The Philadelphia Fed reported a significant improvement in regional business activity in August, with its gauge rising to 12 from negative 13.5 in the previous month. This positive reading marks a break from the 11 consecutive months of contraction experienced previously.
The increase in the Philly Fed index surpassed economists' expectations. Analysts polled by the Wall Street Journal had forecasted a negative 10 reading for August.
There were several notable developments in specific areas of concern:
- New orders showed a substantial increase of 31.9 points, bringing the barometer to 16 in August.

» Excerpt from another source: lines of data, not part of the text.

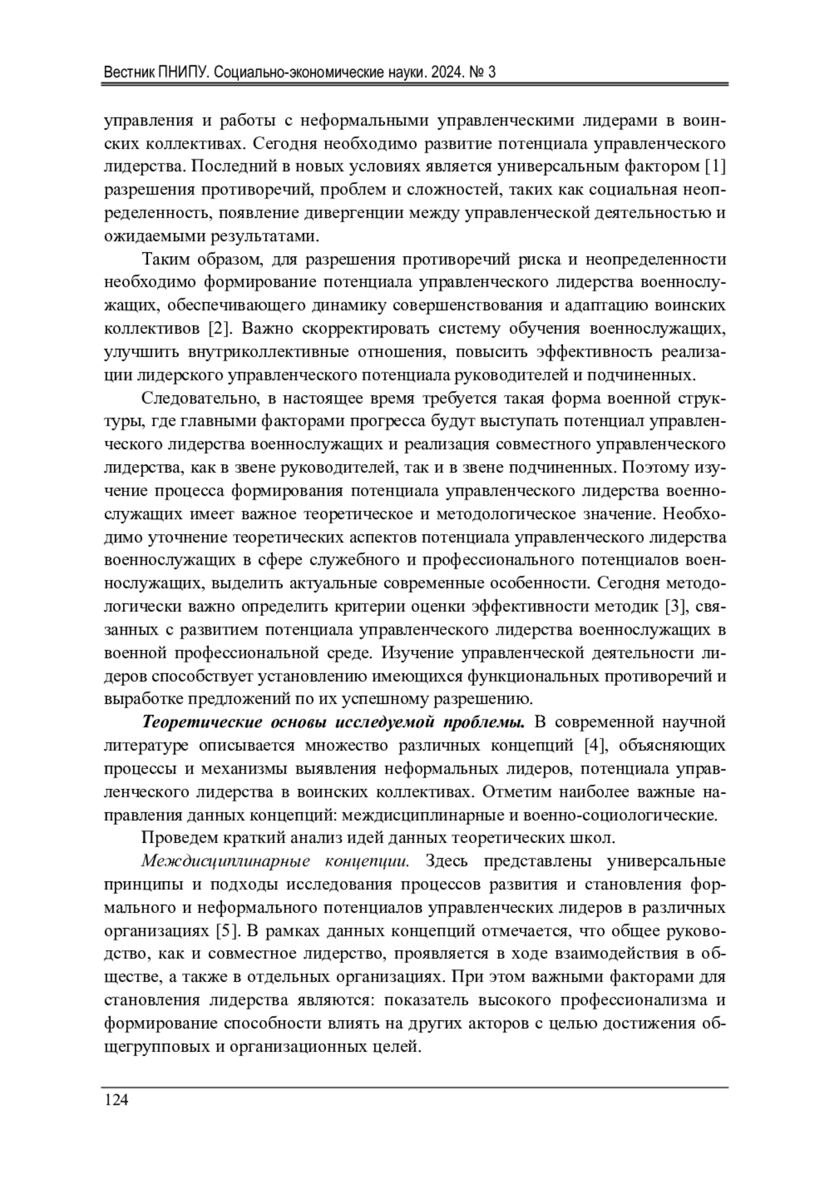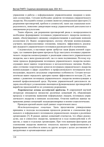 Введение (обозначение проблемы). В современных сложных геополитических условиях, сложившихся в настоящее время вокруг России, подтверждается необходимость совершенствования и адаптации модели военного управления. Практики проведения специальных военных операций показали важность использования новых методов и подходов по идентификации культуры управления и работы с неформальными управленческими лидерами в воинских коллективах. Сегодня необходимо развитие потенциала управленческого лидерства. Последний в новых условиях является универсальным фактором [1] разрешения противоречий, проблем и сложностей, таких как социальная неопределенность, появление дивергенции между управленческой деятельностью и ожидаемыми результатами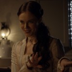 Lívia logo percebe o jogo da morena e responde: “No mesmo dia que conheci o senhor Roberto, ele veio nos cumprimentar no coche do seu Ariel. A senhorita estava junto do Conde Felipe, talvez não se lembre. Eu estava com a mãe da Anita e uma amiga dela”.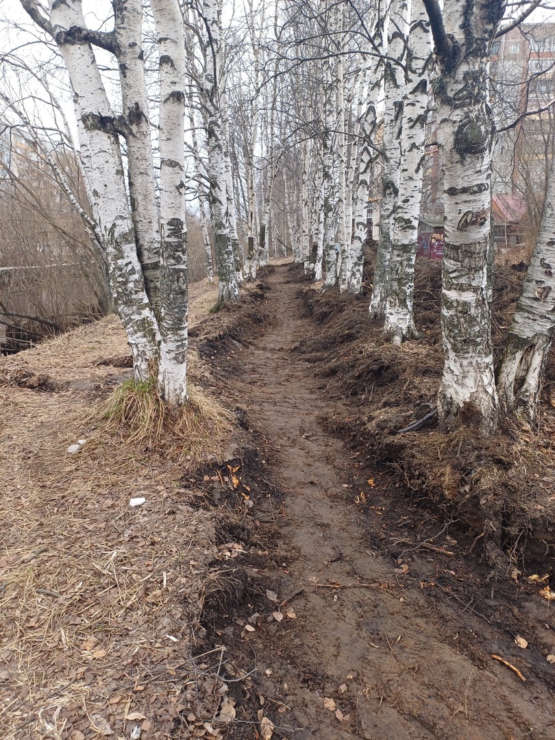 Выявлены многочисленные повреждения корней и коры берез, спиливание корней, что приведет к усыханию деревьев.

- Shipments also experienced a notable rise, with the index increasing by 18.2 points to reach 5.7.
- However, the measure of the six-month business outlook dropped by 25 points to 3.9, reaching its lowest level since May.
- The prices paid index rose by 11 points to 20.8.
These latest figures provide some optimism for the manufacturing sector, which has been struggling to find stability. The data suggests that there may be tentative signs of improvement, although caution should still be exercised.
Weak demand and the burden of higher interest rates have been major challenges for manufacturers.
It is important to note that regional readings have been volatile, as demonstrated by the recent sharp decline in manufacturing reported by the Empire State index in New York. The general business conditions index from the New York Fed fell by 20.1 points to negative 19 in August.
The New York and Philadelphia Fed indices are among the earliest indicators available for assessing the state of the manufacturing sector.
In July, the national ISM factory index contracted for the ninth consecutive month, with a rise to 46.4% from the previous month's 46%.
In response to the positive report, stocks in DJIA and SPX were expected to open higher on Thursday. Additionally, the yield on the 10-year Treasury note (BX:TMUBMUSD10Y) rose to 4.3%.